Pendant les répétitions du Square, à Lilas en Scène et au Lavoir Moderne Parisien, j’entendais intérieurement résonner dans la voix de Stéphane Valensi les paroles de Madeleine de Savannah Bay. La voix de Stéphane et son extrême sensibilité, sa réserve aussi, lui confèrent, comme pour Madeleine, l’art d’être le Théâtre.
De même, Martine Thinières, avec toute sa poésie, son intensité, son intériorité et son sens de l’ellipse, donnera vie aux mots de la Jeune fille. Martine, qui a su révéler sa capacité à jouer tous les âges de la vie, notamment dans Lignes de faille de Nancy Houston, mis en scène par Catherine Marnas et dans Le Square, saura renforcer les mystères de Savannah Bay et la profondeur des sentiments.

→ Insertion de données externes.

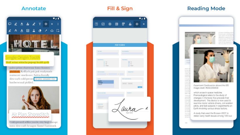 Xodo احتمالا بهترین اپلیکیشن پیدیاف خوان رایگان موجود در پلی استور باشد. این اپلیکیشن به شکلی بسیار سریع بارگذاری میشود و رابط کاربری خوشدستی دارد. با Xodo میتوانید فرمهای پیدیاف را پر و امضا کنید. حتی میتوانید امضایتان را ذخیره کنید و خیلی راحت آن را به مستندات آتی اضافه نمایید. شمار قابلیتهای موجود در اپلیکیشن به شکل غافلگیرکنندهای زیاد است و وقتی رایگان بودن اپلکیشن را (آن هم بدون هیچ خرید درون برنامهای) در نظر میگیریم، Xodo به یکی از بهترین اپهای حاضر در این لیست تبدیل میشود.

Entre les deux pièces, les thèmes abordés ont beaucoup évolué. Si les questions sociales et politiques traversent Le Square, Savannah Bay est le fruit d’un travail incessant d’introspection de Marguerite Duras, interrogeant, inlassablement, ce qu’elle a vécu, revécu, répété, déformé durant toutes ces années d’écriture. Ce qui interpelle, c’est, à près de trente ans d’écart, avec des thèmes différents, des jeux différents, la capacité à émouvoir, à troubler, à toucher, parce que l’exigence, la rigueur, la précision de cette écriture permet toujours d’exprimer l’essentiel, le fondamental et l’indicible de nos vies.
Gérard Elbaz

Interview de Marguerite Duras du 29 septembre 1983, Gilles Costaz, Le Matin de Paris

Le Matin : Actuellement, vous pensez que, dans Savannah Bay, Madeleine est la mère de la jeune fille ? Ou vous ne nous posez pas le problème ?

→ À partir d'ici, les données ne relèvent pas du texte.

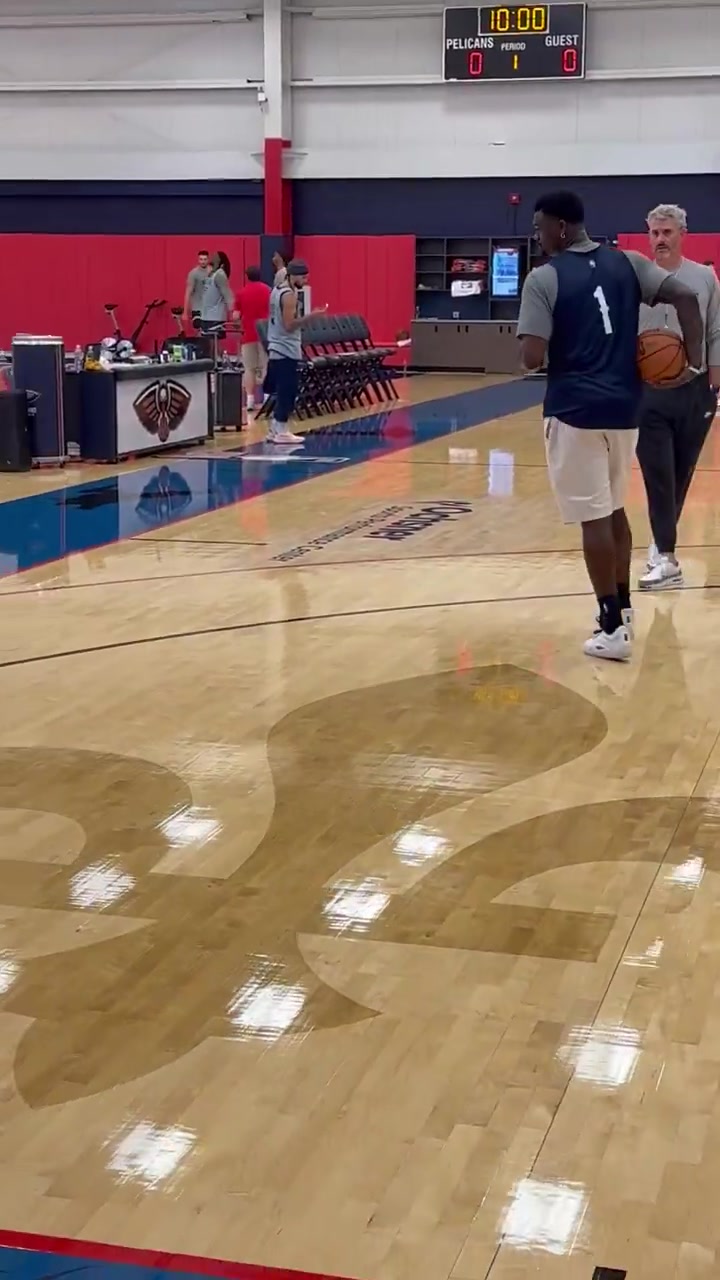 害搁那聊啥呢!训练后普尔与锡安继续讨论 两人拿球连说带比划

Marguerite Duras : Je pense que c’est une pièce sans personnage. Je donne certaines propositions. […] Mon rôle est ici de rendre compte de ce qu’est un amour.
[…]
Il n’y a sans doute rien de plus difficile que de décrire un amour. Pourquoi c’est difficile ? Parce que l’amour, c’est la monnaie courante de toutes les oeuvres, culturelles, musicales, picturales, romanesques, philosophales et tout. Il n’y a rien de moins cernable, c’est la banalité inépuisable, inépuisée. Je crois que, jusqu’à son dernier soupir, l’humanité se nourrira de ça, du conte amoureux. Et c’est là, dans sa plus grande banalité, qu’elle est au mieux de l’égalité, au plus près de l’égalité dans son passage à la mort et dans son silence.
L’amour ne peut être connu, vu, que de loin, du dehors. Dès qu’il commence, il perd la faculté de se dire, il s’obscurcit et se ferme sur lui-même. Ne reste que cette apparence toujours miraculeuse des amants – apparence à partir de quoi on essaie de les atteindre.